Подобно эпизоду детства героя, любой эпизод этого повествования с виду поразителен до сказочного, а по существу – таков замысел философского романа Человеческой Жизни – лишен чего-либо особенного, индивидуально характерного, лишен авторского «вымысла». Романный вымысел, сказочно гротескное своеобразие любого эпизода – это всего лишь пестрые покровы, в которые творческий «инхенио» автора изобретательно (консеп-тистски «остроумно») наряжает, внешне преображая, родовую натуру (хенио), дабы остранением предмета поразить воображение – и освежить восприятие, обострить притуплённое привычкой разумение.

Иначе говоря, фабула «Критикона» – это действительно то, что обозначается латинским словом fabula, «басня», анекдотически буквальный смысл которой читателем не воспринимается всерьез, фабула только служит (fabula docet) универсальной «морали»: не то, что – как в обычных романах – однажды будто бы произошло (в прошлом), а то, что действительно то и дело происходит (в грамматическом общем настоящем). И уже в обращении к читателю первой части романа Грасиан докладывает, что стремился подражать «аллегориям Гомера, притчам Эзопа», дабы «скрасить сухость философии занимательностью вымысла… приятностью эпоса и игривостью плана». Опираясь на ученую традицию, восходящую к древности, к Филону Александрийскому, и в духе своей консептистской эстетики, той роли, которую играет в ней изобретательное «остроумие», Грасиан усматривает в мифах и в знаменитых сюжетах эпоса (будь то Библия, Гомер, Вергилий), в любого рода великих историях – потому-то они и великие, не в пример вымышленным историям занимательных романов и даже реальным политическим историям наций – «остроумно» развиваемые высшие философские иносказания. Такова и будет высокая фабула его философского романа.

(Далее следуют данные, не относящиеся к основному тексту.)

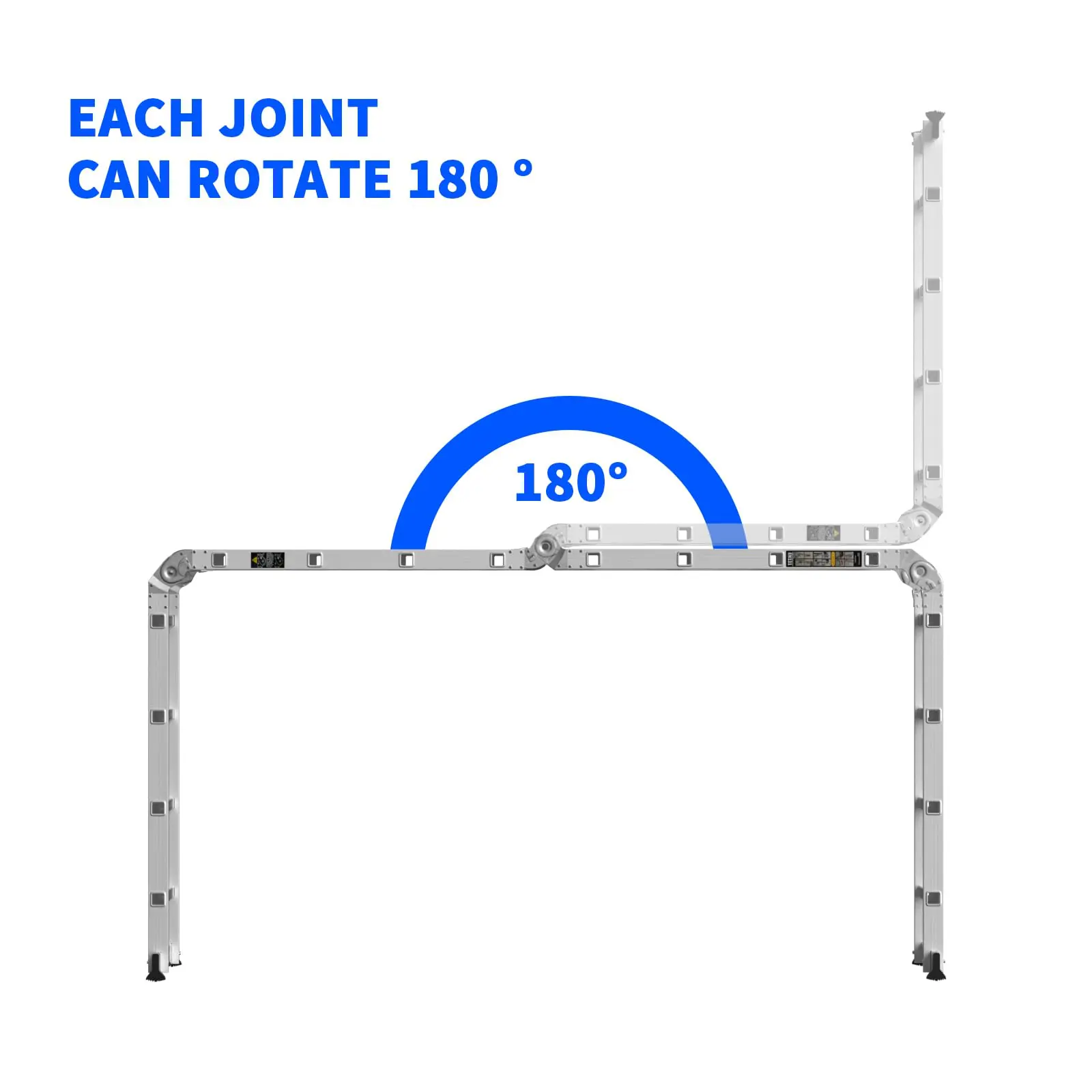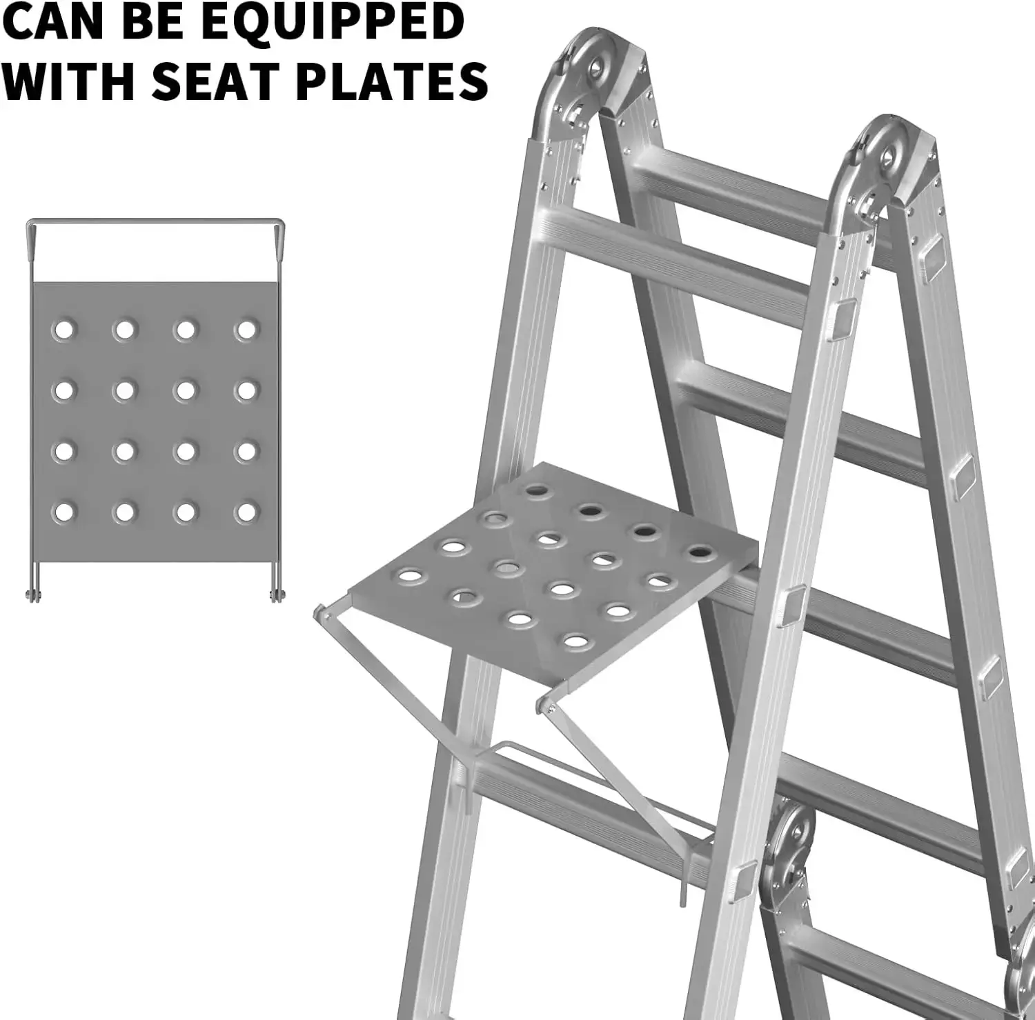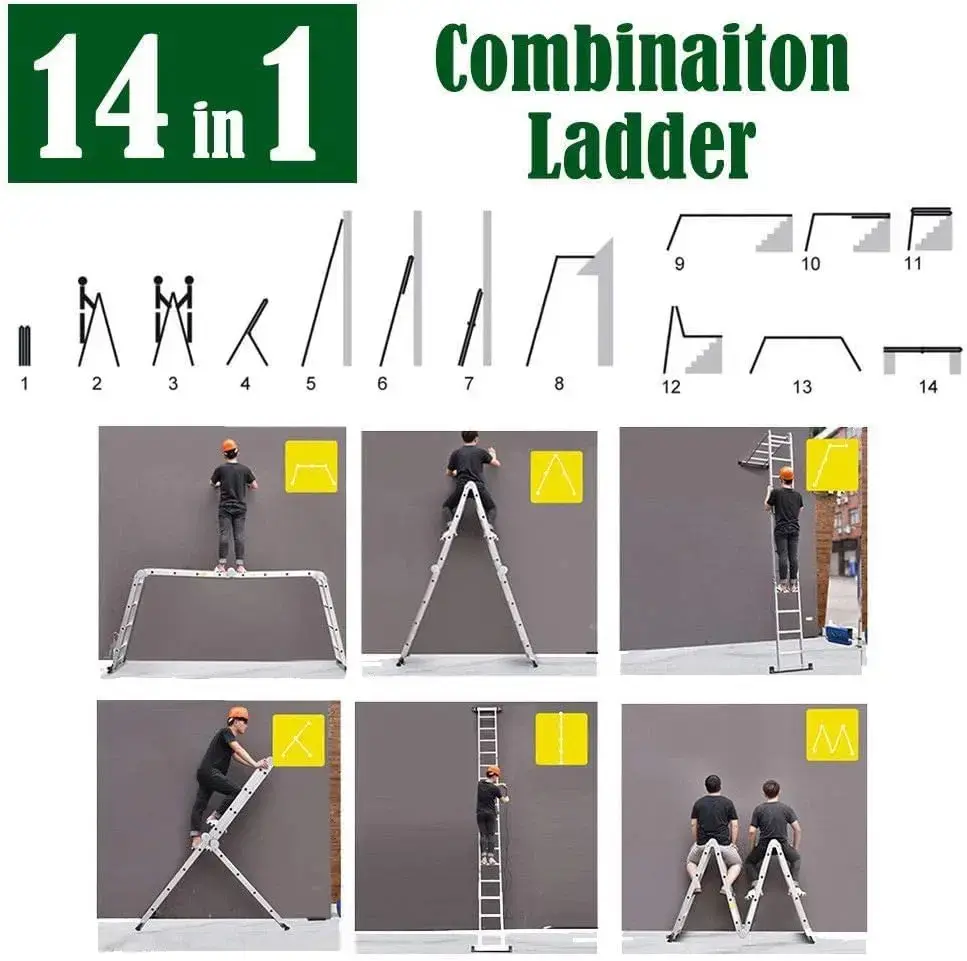 【14-in-1 Functions】This 4.7m multipurpose aluminum ladder can be easily transformed into many different shapes to meet your different working need. Can be turned into a step ladder( A-Frame ladder), a straight ladder, a scaffold ladder, an overhanging ladder or a stairwell scaffold etc.

В персонажах фабулы, в характерах героев также нет и не должно быть ничего собственного, всего лишь индивидуально интересного, а стало быть, авторски произвольного. У героев «Критикона», строго говоря, нет даже собственного имени – ведь его обычно не бывает и в притче, в басне. Андренио (от греч. άνδρος;) – это «муж», «человек»; Критило – «благоразумный», «рассудительный» – все та же «натура и культура», «хенио и инхенио», известная нам по «Оракулу» грасиановская антиномия двуединства личности. Это даже не «смысловые» имена, к которым питала пристрастие старая литература вплоть до XVIII в., особенно в комических и дидактических жанрах, давая нарицательный ключ к своеобразию характеров-типов. У главных героев Грасиана, строго говоря, нет и не должно быть личного характера, своеобразной психологии, странного для окружающих, для читателя, особенного умонастроения – как, например, у Дон Кихота (собственное имя которого и стало поэтому нарицательно смысловым). Родовой образ Андренио – это сама человеческая натура (ее существо, по Грасиану, вслед за Фомой Аквинским, это природное вожделение) в потенциально всевозможных, но временных, преходящих желаниях, страстях, последовательно охватывающих натуру, – ни одна из этих страстей еще не характеризует образ. Вожделения возникают в вечно открытой для развития натуре, желания временно «пленяют» героя под влиянием той или иной социальной «среды». Андренио – это человек как «животное общественное», существо, подражающее другим, желающее «быть, как все» («Я – как большинство, я человек покладистый», – говорит Андренио, – III, 4) [826]826
  Здесь и дальше римская цифра означает часть, арабская – главу («кризис») романа


[Закрыть]
. Но также – под влиянием голоса Благоразумного (второго и духовного своего «я») и личного опыта – способное прозреть, критически оценить среду, ее косность, и освободиться от плена. И в этой – также родовой («отцовской») – способности, в отличие от натуры животно-общественной («материнской»), Андренио, живя в обществе и перманентно возвышаясь над ним, формируется как Личность.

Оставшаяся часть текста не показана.